Landscape and Time in Mapping the Geography of Escape: Alabama as a Case Study
Thursday, January 7, 2016: 1:40 PM
Regency Ballroom VI (Hyatt Regency Atlanta)
The goal of the Freedom on the Move project is to collect runaway slave advertisements from across the American South and enable their critical analysis by using the technologies of the digital humanities, which presents both exciting opportunities and daunting challenges for refining our understandings of the contours of freedom and resistance by enslaved people. Nowhere are those possibilities and obstacles more evident than in what might appear on its surface to be a simple task, namely the effort to map the geography of escape. Runaways ads, after all, frequently indicated from where an enslaved person ran and provided at least a suggestion of where he or she might be running to, making mapping seemingly as straightforward as plotting points on the landscape.
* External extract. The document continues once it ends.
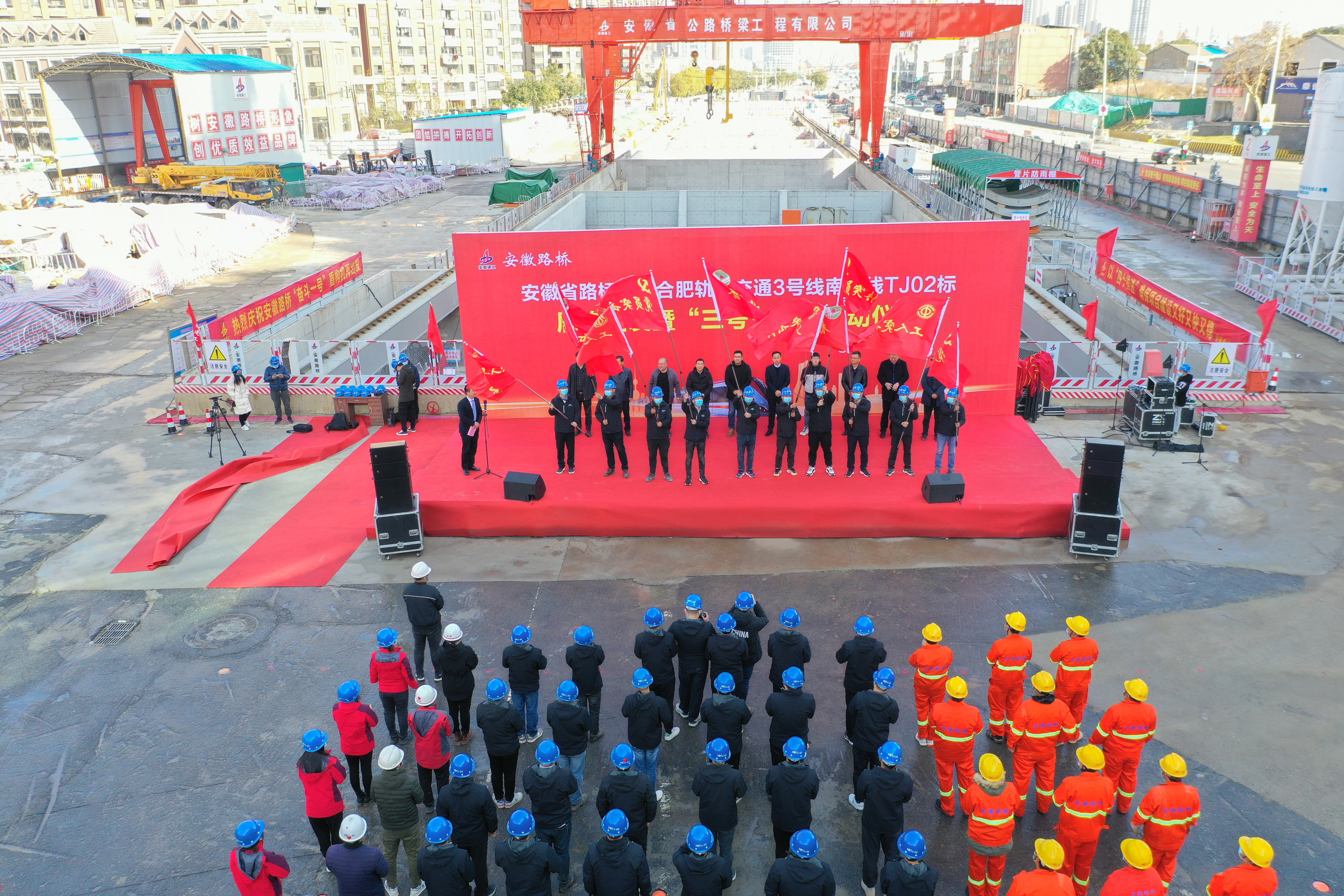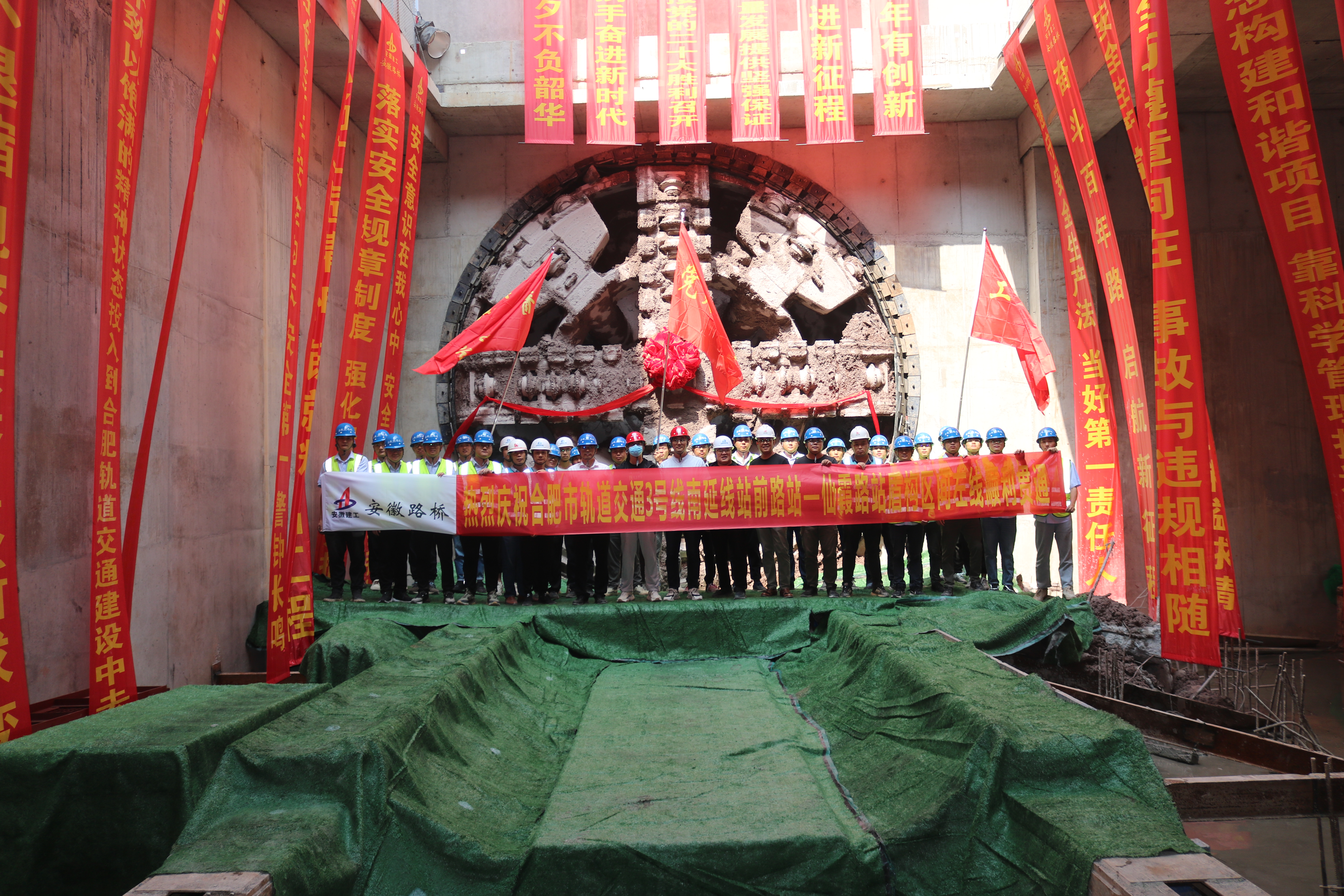 軌道交通3號線南延線TJ02標是安徽省公路橋梁工程有限公司中標承建第二個軌道交通項目。項目主要工程為站前路站、仙霞路站、站-仙區間、仙-青區間等土建和機電施工。目前,已完成車站主體封頂和區間貫通工作。自2020年9月份開工以來,弘揚“自立自強、勇往直前、一次成優”的盾構精神,不懼挑戰敢為人先、不畏困難任事擔當,取得顯著成效。項目集體先后榮獲全國發明、實用新型等專利4項;省住建系統“學雷鋒示范點”稱號、省住建廳“紅色工地”稱號,全省工人先鋒號稱號。

In truth, however, those points are only the first step toward understanding the patterns created by fugitives and those who hunted them. Indeed, with each county, state, and region having its own unique contours, and with those contours themselves changing over time, the more elemental the map on which points might be plotted, the more illusory the understanding derived from them. Using advertisements gleaned from antebellum Alabama, this presentation examines both the difficulties and the absolute necessity of placing space and time in dialog on the landscape to create a map that might reveal the constantly evolving strategic responses of enslaved people to their vulnerability as both labor and capital. A state situated at a number of literal and figurative economic and geographic crossroads, and one whose antebellum population was continually altered by the slave trade and the ebbs and flows of the cotton economy, Alabama provides a perfect case study for exploring the prospects of the digital history of the enslaved.